Data provided
☆ ☆ ☆ ☆
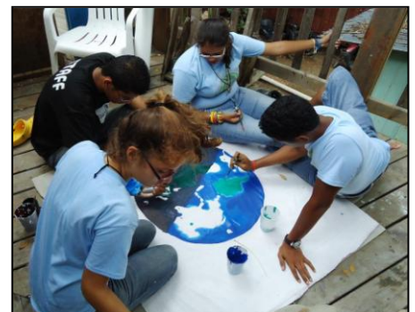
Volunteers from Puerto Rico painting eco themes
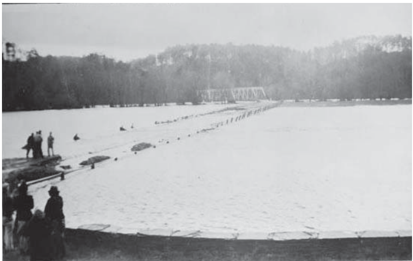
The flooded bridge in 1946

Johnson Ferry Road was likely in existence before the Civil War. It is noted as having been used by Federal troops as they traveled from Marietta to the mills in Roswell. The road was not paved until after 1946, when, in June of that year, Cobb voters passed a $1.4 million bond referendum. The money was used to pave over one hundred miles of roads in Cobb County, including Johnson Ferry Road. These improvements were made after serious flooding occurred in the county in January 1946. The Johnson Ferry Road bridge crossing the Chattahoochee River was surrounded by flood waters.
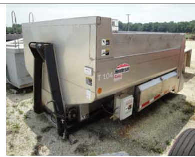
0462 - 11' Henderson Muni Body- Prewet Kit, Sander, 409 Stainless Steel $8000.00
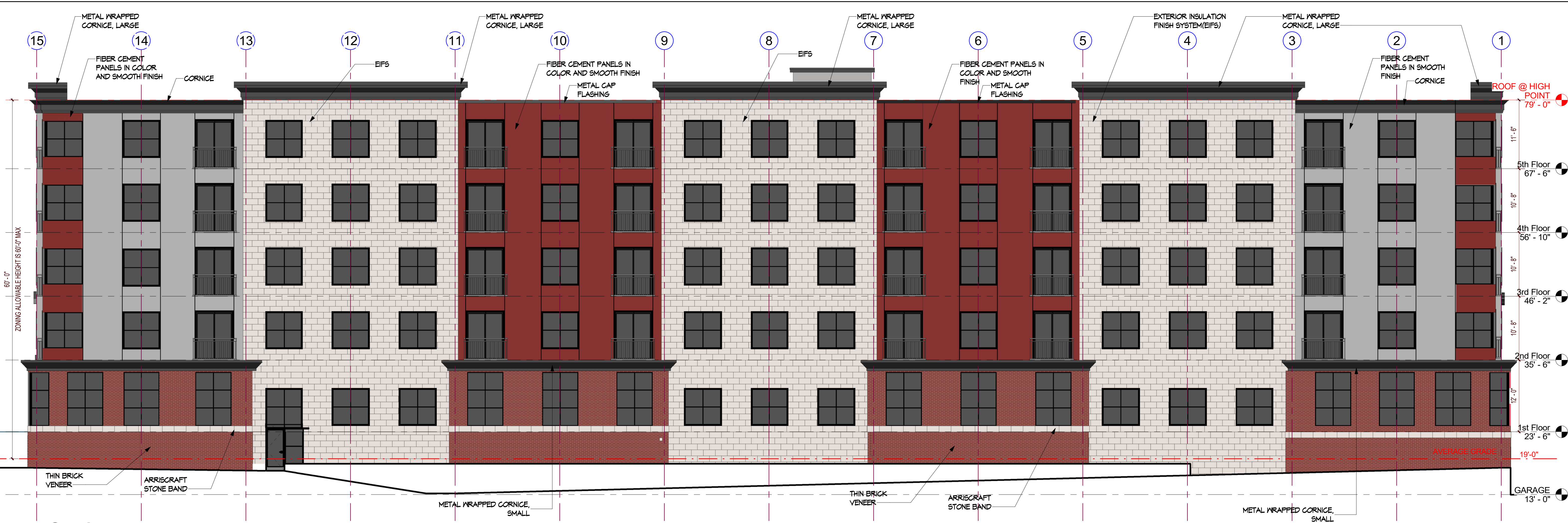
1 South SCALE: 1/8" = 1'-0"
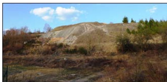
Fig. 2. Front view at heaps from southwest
☆ ☆ ☆ ☆
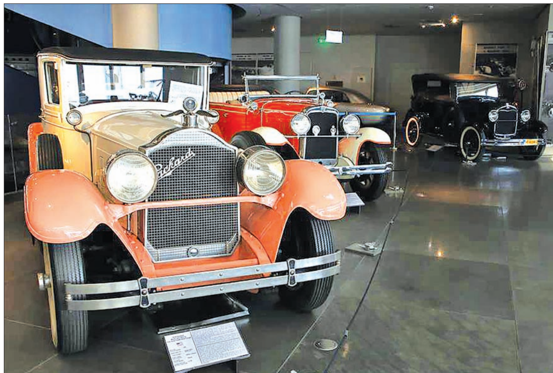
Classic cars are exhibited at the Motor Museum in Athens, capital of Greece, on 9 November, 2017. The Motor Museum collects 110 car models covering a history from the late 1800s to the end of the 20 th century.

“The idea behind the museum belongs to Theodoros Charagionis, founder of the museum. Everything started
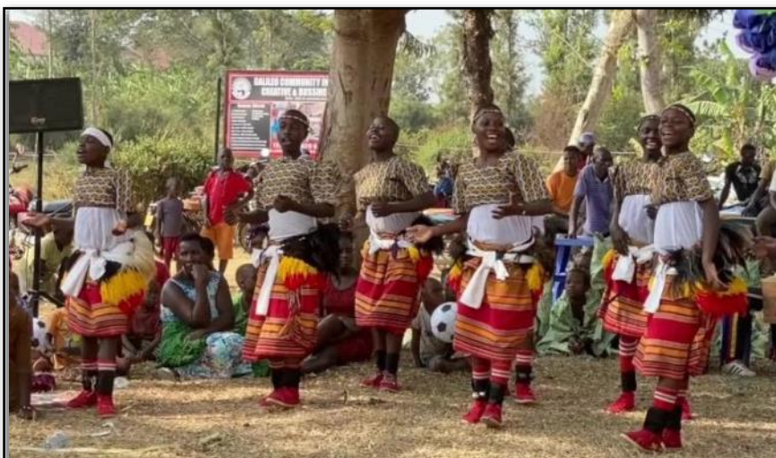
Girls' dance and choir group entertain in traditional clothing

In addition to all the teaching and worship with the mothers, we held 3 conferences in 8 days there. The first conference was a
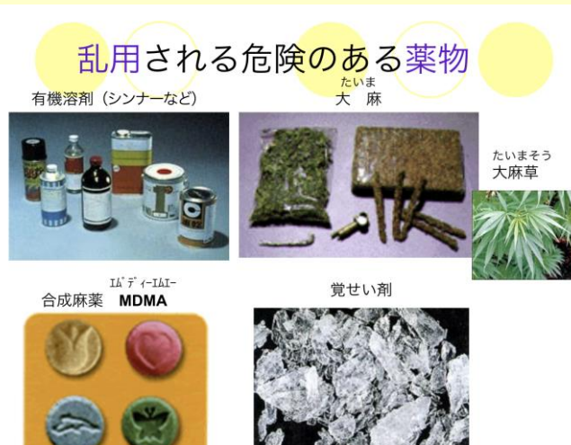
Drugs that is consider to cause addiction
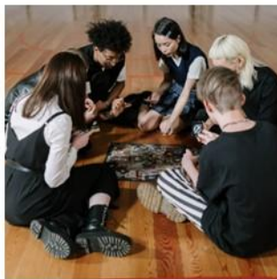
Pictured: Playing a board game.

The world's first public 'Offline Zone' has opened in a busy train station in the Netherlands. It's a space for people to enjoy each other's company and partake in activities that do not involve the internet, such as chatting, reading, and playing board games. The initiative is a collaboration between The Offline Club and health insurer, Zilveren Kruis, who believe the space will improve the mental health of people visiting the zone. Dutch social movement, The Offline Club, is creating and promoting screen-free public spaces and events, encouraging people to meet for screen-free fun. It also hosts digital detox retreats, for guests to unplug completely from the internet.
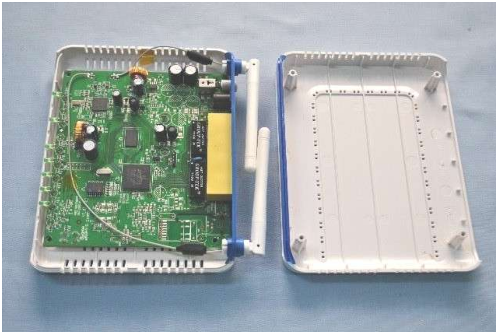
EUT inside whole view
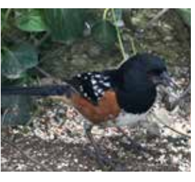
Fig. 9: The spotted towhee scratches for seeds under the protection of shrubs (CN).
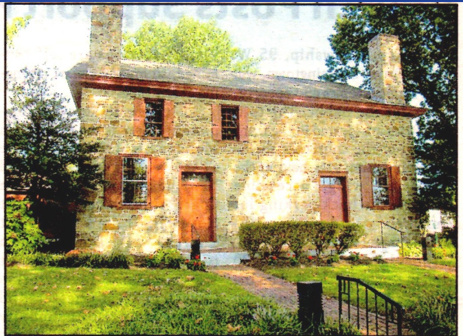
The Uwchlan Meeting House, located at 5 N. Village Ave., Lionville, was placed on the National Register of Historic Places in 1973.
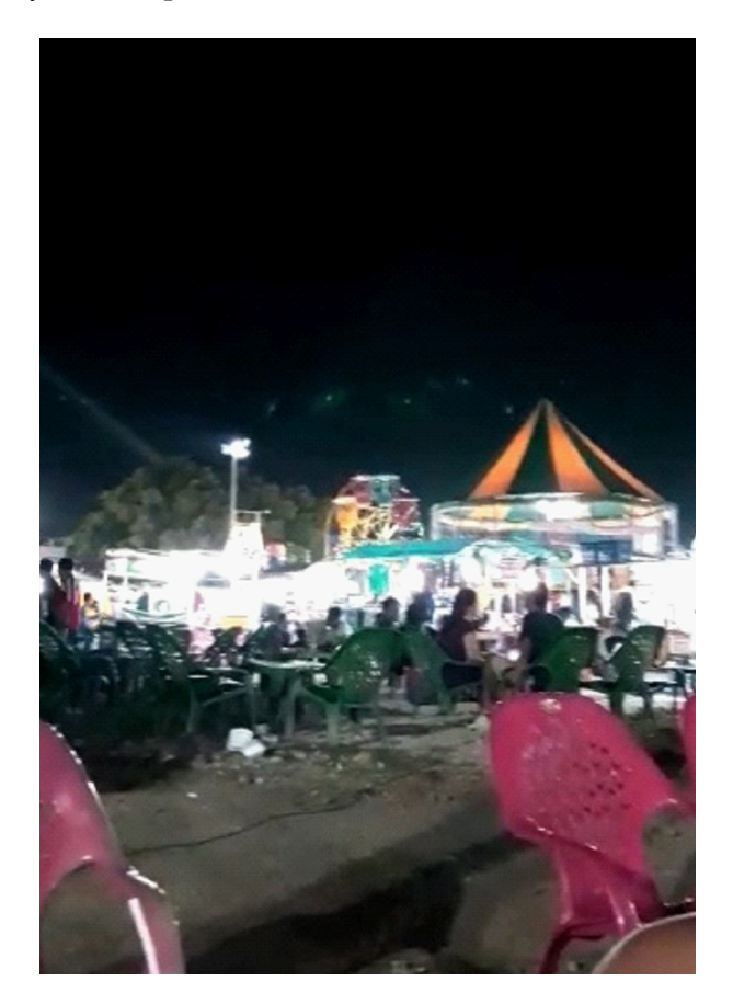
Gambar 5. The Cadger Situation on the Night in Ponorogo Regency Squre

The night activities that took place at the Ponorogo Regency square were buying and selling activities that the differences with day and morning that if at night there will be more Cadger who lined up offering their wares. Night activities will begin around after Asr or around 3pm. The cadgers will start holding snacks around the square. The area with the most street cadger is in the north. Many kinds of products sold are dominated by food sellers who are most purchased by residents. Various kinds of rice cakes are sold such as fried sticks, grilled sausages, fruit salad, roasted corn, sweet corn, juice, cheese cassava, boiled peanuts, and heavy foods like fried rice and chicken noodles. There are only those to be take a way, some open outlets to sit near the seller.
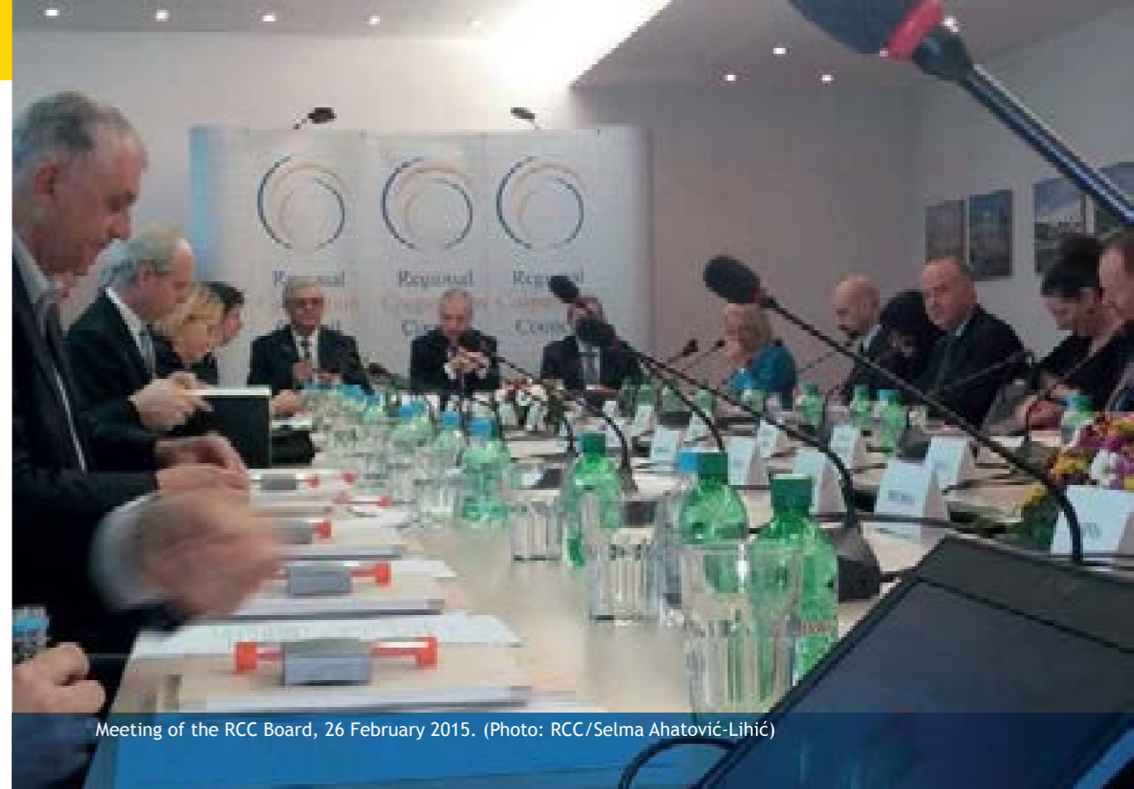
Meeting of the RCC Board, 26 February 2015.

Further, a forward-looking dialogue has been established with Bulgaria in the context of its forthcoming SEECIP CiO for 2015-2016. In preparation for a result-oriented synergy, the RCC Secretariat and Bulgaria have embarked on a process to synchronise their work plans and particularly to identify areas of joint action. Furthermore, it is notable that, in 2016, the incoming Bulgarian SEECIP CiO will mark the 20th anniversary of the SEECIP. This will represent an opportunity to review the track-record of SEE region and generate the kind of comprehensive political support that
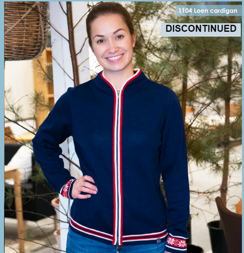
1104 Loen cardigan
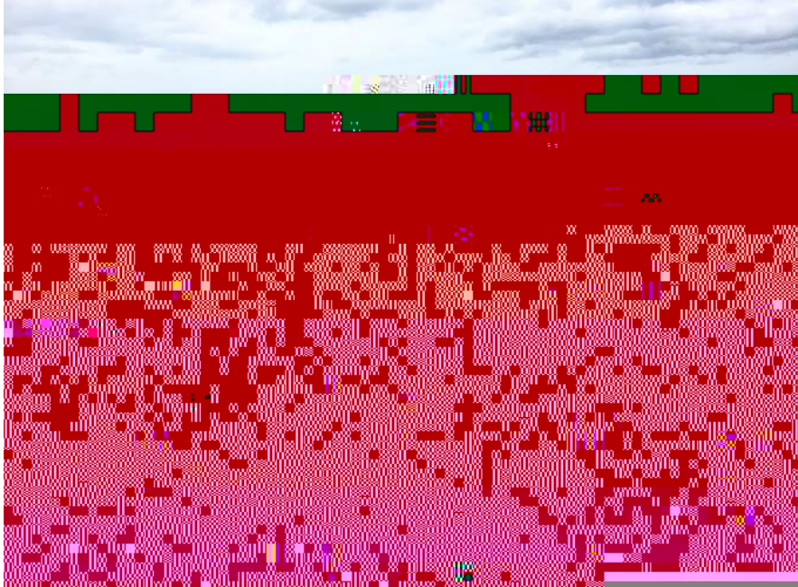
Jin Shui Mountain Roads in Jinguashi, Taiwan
☆ ☆ ☆ ☆
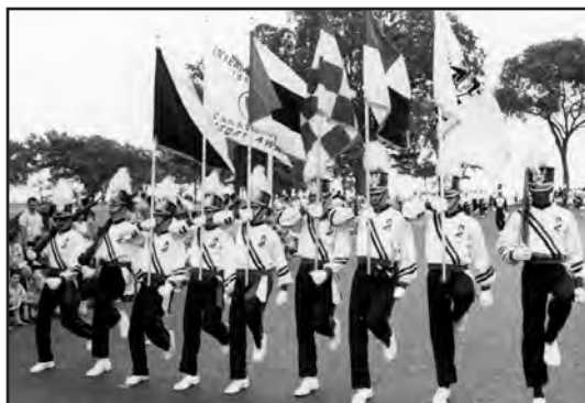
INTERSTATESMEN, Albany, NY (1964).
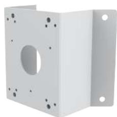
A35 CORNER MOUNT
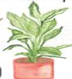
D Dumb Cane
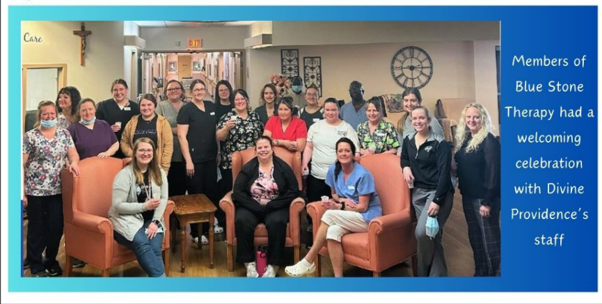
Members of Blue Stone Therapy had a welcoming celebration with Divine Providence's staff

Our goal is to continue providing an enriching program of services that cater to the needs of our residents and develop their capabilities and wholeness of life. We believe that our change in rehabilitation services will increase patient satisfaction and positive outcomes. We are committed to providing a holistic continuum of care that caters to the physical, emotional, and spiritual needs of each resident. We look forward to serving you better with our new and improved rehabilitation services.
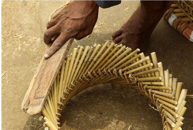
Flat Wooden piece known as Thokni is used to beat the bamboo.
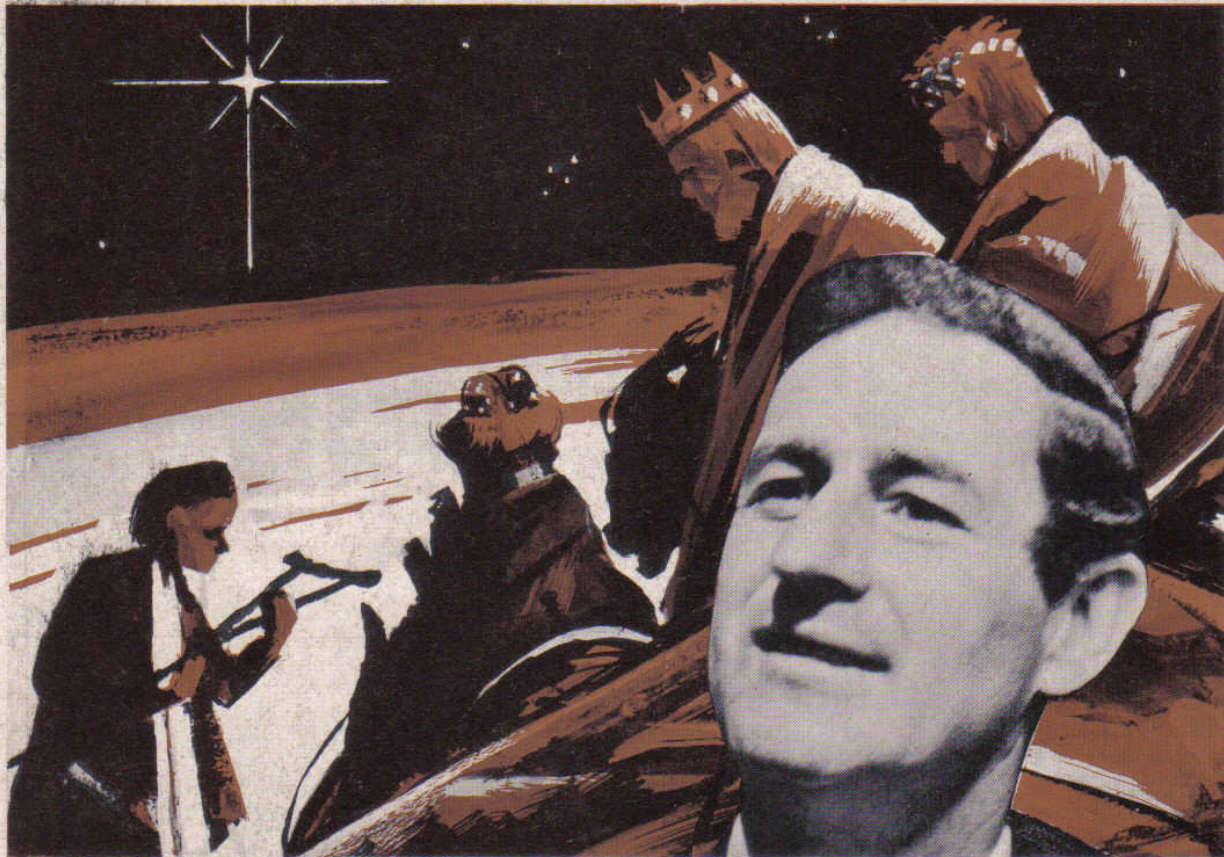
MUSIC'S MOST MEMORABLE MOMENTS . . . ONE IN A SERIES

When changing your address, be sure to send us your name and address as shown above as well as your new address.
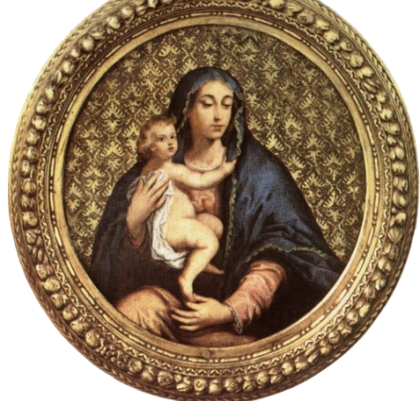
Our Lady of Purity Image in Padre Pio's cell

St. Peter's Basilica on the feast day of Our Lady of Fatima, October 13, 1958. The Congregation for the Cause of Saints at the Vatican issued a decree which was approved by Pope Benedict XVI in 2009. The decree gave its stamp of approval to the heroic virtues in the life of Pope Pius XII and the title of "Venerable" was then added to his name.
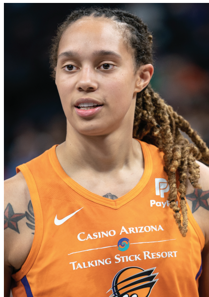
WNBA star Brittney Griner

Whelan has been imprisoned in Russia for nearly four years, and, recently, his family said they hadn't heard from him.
☆ ☆ ☆ ☆
How many of the lines in these entries hold "Regency"? Report only the count.

Problem solution
2